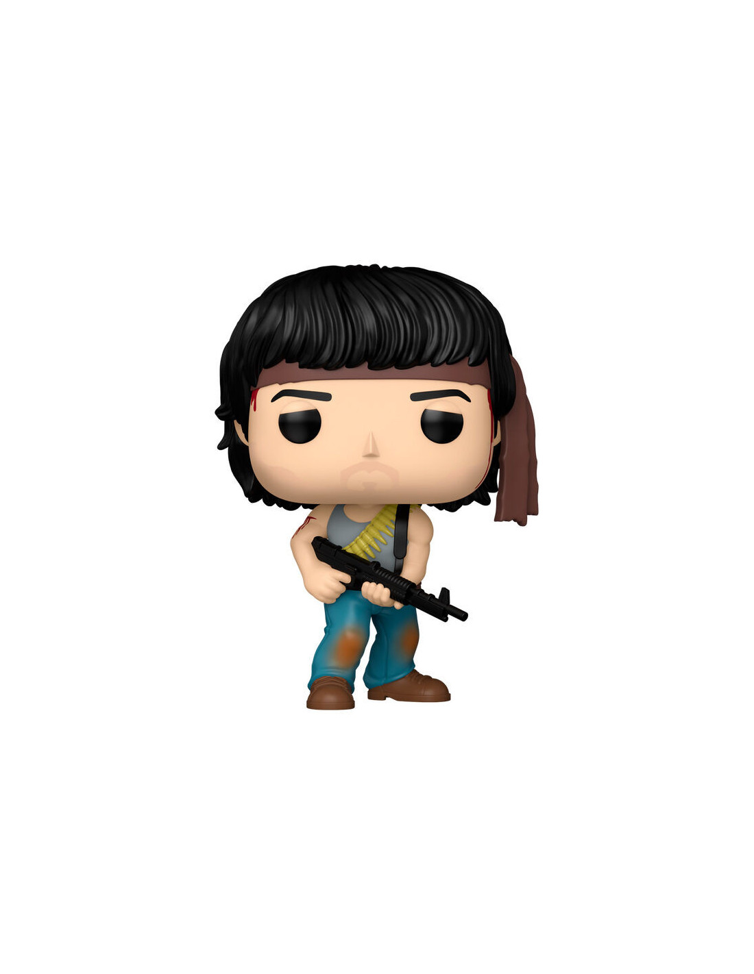 Este Funko Pop! reproduce a John Rambo con su característico look de combate: cinta en la cabeza, expresión decidida y actitud lista para la acción. Ideal para exponer junto a otras figuras de películas clásicas.
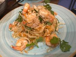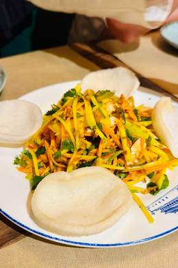 Mango verde, hierbas, cacahuetes, cebollas fritas, cilantro y langostinos. Junto con salsa agridulce casera
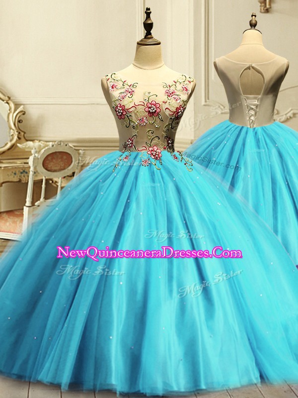 Latest Scoop Sleeveless Tulle Quinceanera Gown Appliques Lace Up
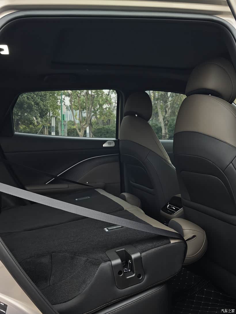 后排空间挺大,能跷二郎腿。后备箱平时家用足够,座椅放倒之后特别平整,拉点大件东西也没问题。车里一些小设计也很贴心,比如副驾有隐藏挂钩,挂奶茶、外卖不怕洒,门板上也能放好几瓶水。
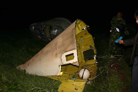 約莫15分鐘,在一個(gè)觀察哨值勤的觀察員王世華突然報(bào)告,稱殘骸就落在他附近約200米的山溝里,殘骸目標(biāo)已發(fā)現(xiàn)。山溝里沒有住戶,未造成人員傷亡和房屋、林木的損毀。
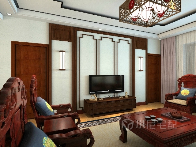 電視墻摒棄傳統(tǒng)的中式花格,簡(jiǎn)單大方
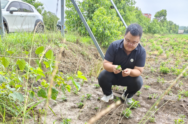 在息縣強農種植家庭農場(chǎng),服務(wù)隊與合作社負責人緊密合作,實(shí)地勘查花生田,細致評估了花生出苗及苗期生長(cháng)情況。盡管前期遭遇干旱挑戰,得益于指導合作社采取的及時(shí)灌溉與科學(xué)管理措施,夏播花生展現出良好的抗逆性,僅個(gè)別地塊出現輕微缺苗現象。針對當前麥茬春播花生普遍進(jìn)入開(kāi)花下針期的特點(diǎn),李航宇建議合作社加強田間監測,適時(shí)施用條環(huán)酸鈣、烯效唑等植物生長(cháng)調節劑,以?xún)?yōu)化植株生長(cháng)結構。同時(shí),針對高溫高濕環(huán)境下易發(fā)的葉斑病、網(wǎng)斑病等病害,他還推薦了一系列高效殺菌劑使用方案,確;ㄉ】瞪L(cháng)。

──────

• **Problem requirements**
What is needed is the listing above, repeated verbatim, without its images.

• **Written answer**
 Este Funko Pop! reproduce a John Rambo con su característico look de combate: cinta en la cabeza, expresión decidida y actitud lista para la acción. Ideal para exponer junto a otras figuras de películas clásicas.
 Mango verde, hierbas, cacahuetes, cebollas fritas, cilantro y langostinos. Junto con salsa agridulce casera
 Latest Scoop Sleeveless Tulle Quinceanera Gown Appliques Lace Up
 后排空间挺大,能跷二郎腿。后备箱平时家用足够,座椅放倒之后特别平整,拉点大件东西也没问题。车里一些小设计也很贴心,比如副驾有隐藏挂钩,挂奶茶、外卖不怕洒,门板上也能放好几瓶水。
 約莫15分鐘,在一個(gè)觀察哨值勤的觀察員王世華突然報(bào)告,稱殘骸就落在他附近約200米的山溝里,殘骸目標(biāo)已發(fā)現(xiàn)。山溝里沒有住戶,未造成人員傷亡和房屋、林木的損毀。
 電視墻摒棄傳統(tǒng)的中式花格,簡(jiǎn)單大方
 在息縣強農種植家庭農場(chǎng),服務(wù)隊與合作社負責人緊密合作,實(shí)地勘查花生田,細致評估了花生出苗及苗期生長(cháng)情況。盡管前期遭遇干旱挑戰,得益于指導合作社采取的及時(shí)灌溉與科學(xué)管理措施,夏播花生展現出良好的抗逆性,僅個(gè)別地塊出現輕微缺苗現象。針對當前麥茬春播花生普遍進(jìn)入開(kāi)花下針期的特點(diǎn),李航宇建議合作社加強田間監測,適時(shí)施用條環(huán)酸鈣、烯效唑等植物生長(cháng)調節劑,以?xún)?yōu)化植株生長(cháng)結構。同時(shí),針對高溫高濕環(huán)境下易發(fā)的葉斑病、網(wǎng)斑病等病害,他還推薦了一系列高效殺菌劑使用方案,確;ㄉ】瞪L(cháng)。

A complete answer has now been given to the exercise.